Connective covers of based spaces

Question

I know that n-connective spectra form a coreflective subcategory of spectra. Namely, there is a n-connective cover functor $\tau_{>k}: Spectra\rightarrow Spectra^{n-connective}$ which has a fully faithful left adjoint. In particular, the counit gives a natural morphism $\tau_{>k}(E)\rightarrow E$ for each spectrum $E$.

I am wondering if the same holds unstably, for based spaces. Namely, I suspect that based n-connected spaces for a coreflective subcategory of based spaces $Space^*$, i.e. there is a n-connected cover functor $\tau_{>k}: Space^*\rightarrow Space^{*, n-connected}$ with a fully faithful left adjoint. I think the functor $\tau_{>n}$ can be obtained by taking the homotopy fiber of the unit $X \rightarrow \tau_{\le n} X$, where $\tau_{\le n}$ is the truncation functor $\tau_{\le n}: Space\rightarrow Space^{n-truncated}$, which is a localization. Is there a reference for this? (if it is true). I am specifically asking about the unstable case, as opposed to references for the case of spectra, which seems well-known. One potential issue I can foresee is that $\tau_{>n}$ may not be $n$-connected.

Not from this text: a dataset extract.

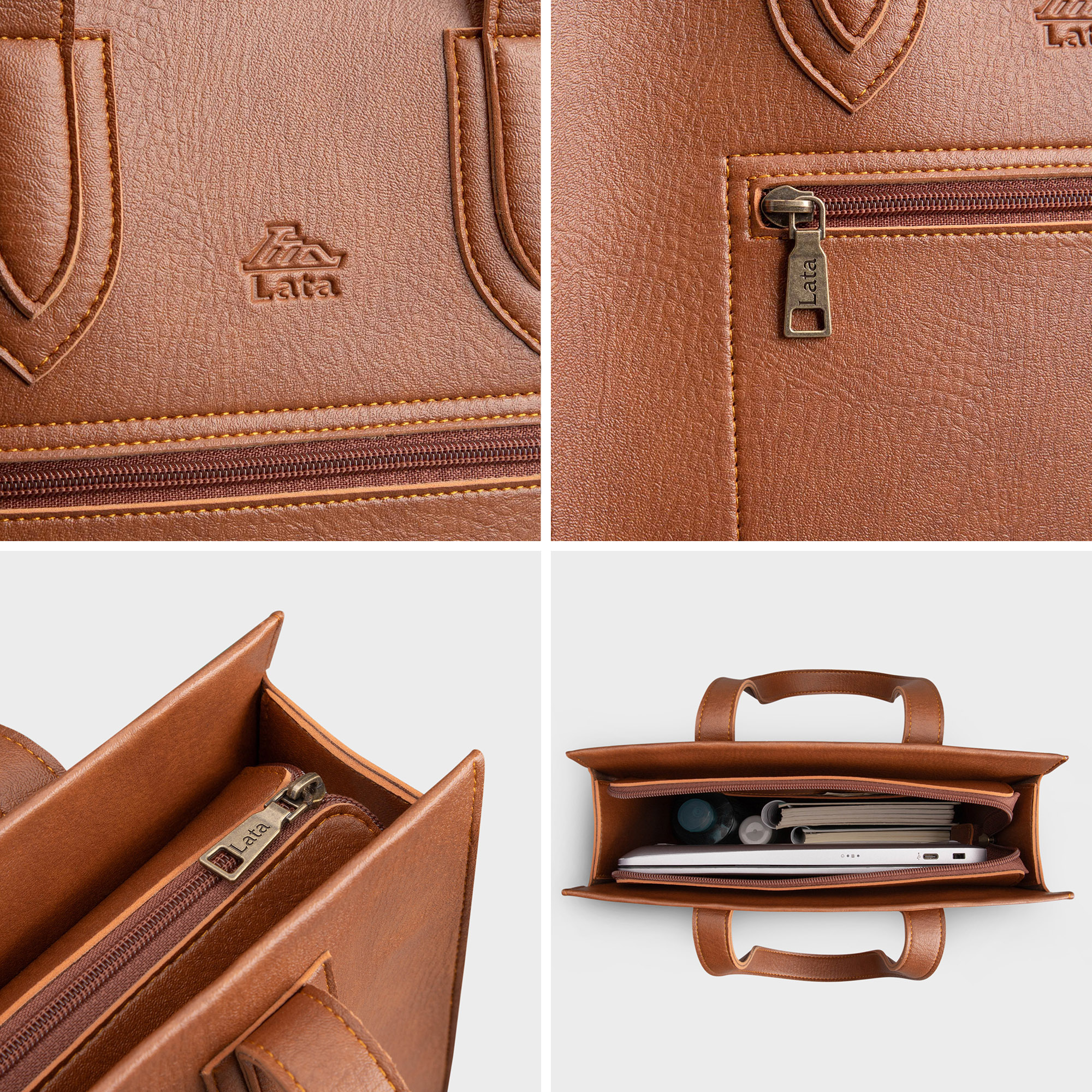 Túi xách da nữ công sở thời trang Lata TX16 với thiết kế dáng ngang cổ điển, màu sắc trung tính, kích thước rộng rãi mang đến thoải mái, tiện dụng cho người đeo. Túi

Note that to take the homotopy fiber functorially, we need to work with based spaces. Another reason that we need to work with based spaces is that unbased n-connected spaces do not have all colimits (for example, they do not have an initial object - see the discussion here Is there a homotopy theory of unbased simply connected spaces?). On the other hand, (an accessible) coreflective localization of a presentable category $Space^*$ would also be presentable and hence have all colimits.

Answer 1

Such a tower is usually called a Whitehead tower. More generally, there is the notion of a Moore-Postnikov factorization of a map $f: X \to Y$ of spaces: fixing an $n$, we can find a factorization $X \to M_n(f) \to Y$ such that $$ \begin{align*} \pi_k(X) \xrightarrow{\sim} \pi_k(M_n f)&\text{ for }k < n,\\ \pi_k(X) \twoheadrightarrow \pi_k(M_n f) \hookrightarrow \pi_k(Y)&\text{ for }k=n,\\ \pi_k(M_n f) \xrightarrow{\sim} \pi_k(Y)&\text{ for }k > n. \end{align*} $$ The Postnikov tower of $X$ is made up of Moore-Postnikov factorizations of $X \to \ast$, and the Whitehead tower of a pointed space $Y$ is made up of Moore-Postnikov factorizations of $\ast \to Y$. We can form $M_n f$ by attaching cells to $X$ of dimension at least $n+1$ to kill off the relative homotopy groups $\pi_k(f)$.

Moore gives a construction via simplicial sets in the paper "Semi-simplicial complexes and Postnikov systems". You can see this described in a way that is more explicitly functorial in May's "Simplicial objects in algebraic topology" (which I got from this answer).